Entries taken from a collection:

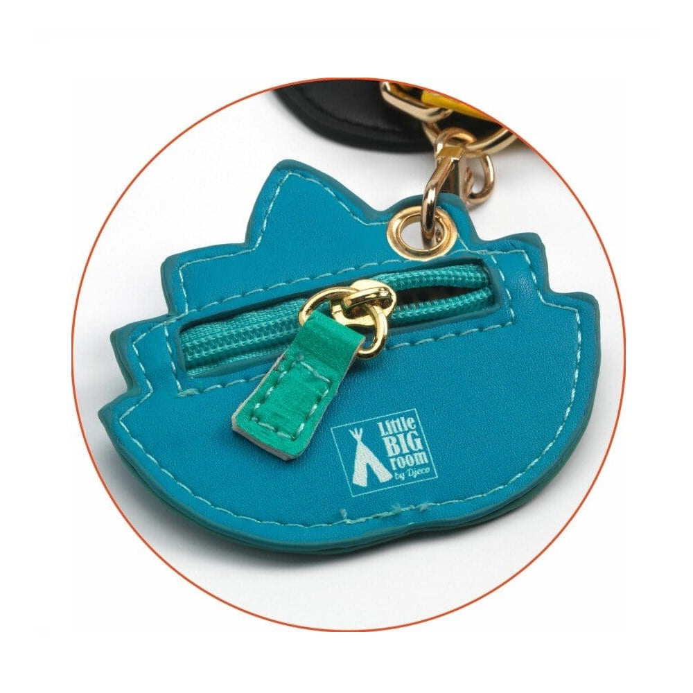 Djeco nos trae esta linda cartera con diseño de guepardo. Además trae un pequeño monedero con forma de flor de loto de lindos colores. Su correa ajustable permite adaptar su largo y así colgarla en tu hombro sin problemas.
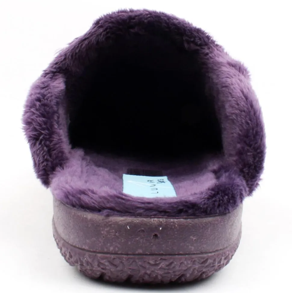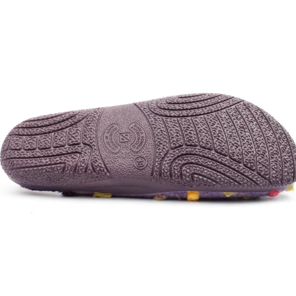 Mule from Lunar Slippers. This ladies slipper style a purple upper with colourful dots along the upper. Cosy fleece lining will keep feet warm on cold nights.
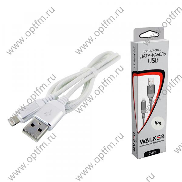 Кабель USB - Apple 8pin/lightning WALKER C560 прорезиненный, металл разъем, белый (1м)
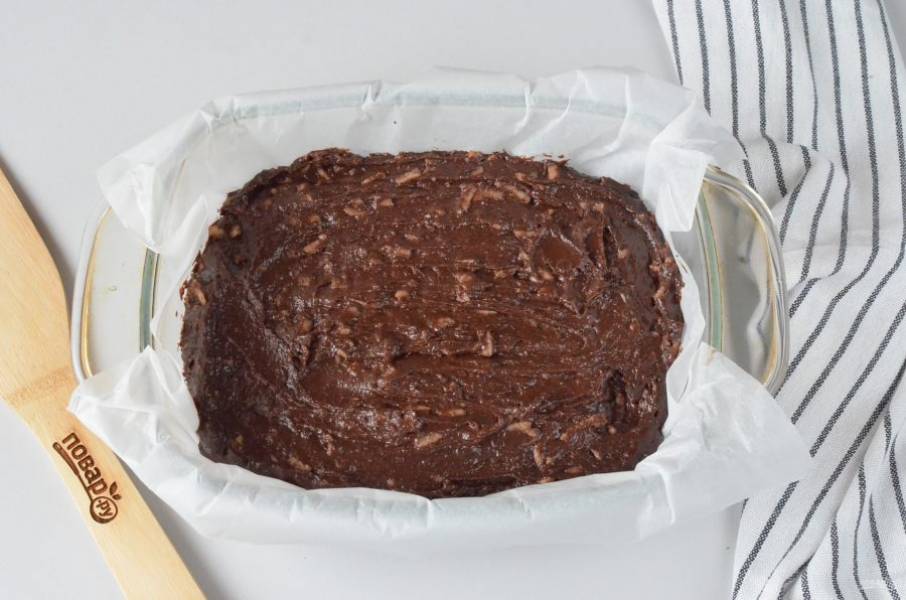 Подготовьте ингредиенты для брауни. Включите духовку на 170 градусов. Форму застелите пергаментом. Приступим!
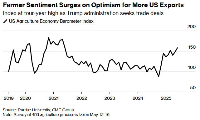 特朗普政府发起的贸易战对美国的农作物出口造成了打击。最大的大宗商品买家中国目前在下一个销售季尚未订购任何美国玉米、大豆或小麦。尽管如此,根据普渡大学与芝加哥商品交易所集团联合发布的农业经济晴雨表显示,农民情绪正趋向乐观。这项在5月12日至16日之间——特朗普政府宣布与中国在贸易协议方面“取得重大进展”后——展开的调查访问了约400位农民。调查结果显示,该指数录得158点,为2021年以来最高水平。

# Exercise
Reproduce every entry above in full and exactly, though not its pictures.

# Final answer
 Djeco nos trae esta linda cartera con diseño de guepardo. Además trae un pequeño monedero con forma de flor de loto de lindos colores. Su correa ajustable permite adaptar su largo y así colgarla en tu hombro sin problemas.
 Mule from Lunar Slippers. This ladies slipper style a purple upper with colourful dots along the upper. Cosy fleece lining will keep feet warm on cold nights.
 Кабель USB - Apple 8pin/lightning WALKER C560 прорезиненный, металл разъем, белый (1м)
 Подготовьте ингредиенты для брауни. Включите духовку на 170 градусов. Форму застелите пергаментом. Приступим!
 特朗普政府发起的贸易战对美国的农作物出口造成了打击。最大的大宗商品买家中国目前在下一个销售季尚未订购任何美国玉米、大豆或小麦。尽管如此,根据普渡大学与芝加哥商品交易所集团联合发布的农业经济晴雨表显示,农民情绪正趋向乐观。这项在5月12日至16日之间——特朗普政府宣布与中国在贸易协议方面“取得重大进展”后——展开的调查访问了约400位农民。调查结果显示,该指数录得158点,为2021年以来最高水平。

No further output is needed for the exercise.